To determine if we have any outliers, we will look at the boxplots in our JASP output. If we have any outliers, they would be outside the top and bottom lines or whiskers. To help see the labeled outliers more clearly, you may want to uncheck the “jitter element” option. Looking at the boxplot below, we can see there are a total of 3 outliers labeled on the boxplot.

JASP image of boxplot for the BSE_Difference variable. Image shows two outliers in the top quartile and one outlier in the bottom quartile.

To report this is APA format, we would write:

There are 3 outliers in the difference scores for bystander self-efficiency, as assessed by the inspection of a boxplot.

Assumption 4: Is the distribution of the difference scores between the two related groups approximately normally distributed?

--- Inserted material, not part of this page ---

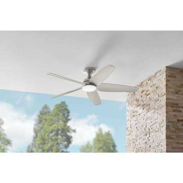 The Hampton Bay Ceva Indoor/Outdoor Brushed Nickel Ceiling Fan is the perfect addition to both indoor and outdoor spaces. Includes an integrated LED light with 3000/4000/5000 K temperature options. with the 3-speed reversible control, you can use this fan all year long.

To determine if the difference scores for bystander efficacy are approximately normally distributed, we want skewness and kurtosis values between -2 and +2. Looking at the values on the output copied below, we can see our skewness statistic is not within the acceptable range of -2 and +2 (skewness: 2.91); additionally, our kurtosis statistic is a whopping 18.99! Neither of these statistics are within the acceptable range. Because normality is impacted by outliers, we may want to consider deleting the outliers to improve our normality statistics.

JASP Screenshot of the Descriptive Statistics results table. Image has red circles around the Skewness and Kurtosis statistics.

To report these results in APA format, we can write:

The difference scores for bystander self-efficacy were not normally distributed; skewness and kurtosis statistics were above the acceptable range of -2 and +2 at 2.91 and 18.99.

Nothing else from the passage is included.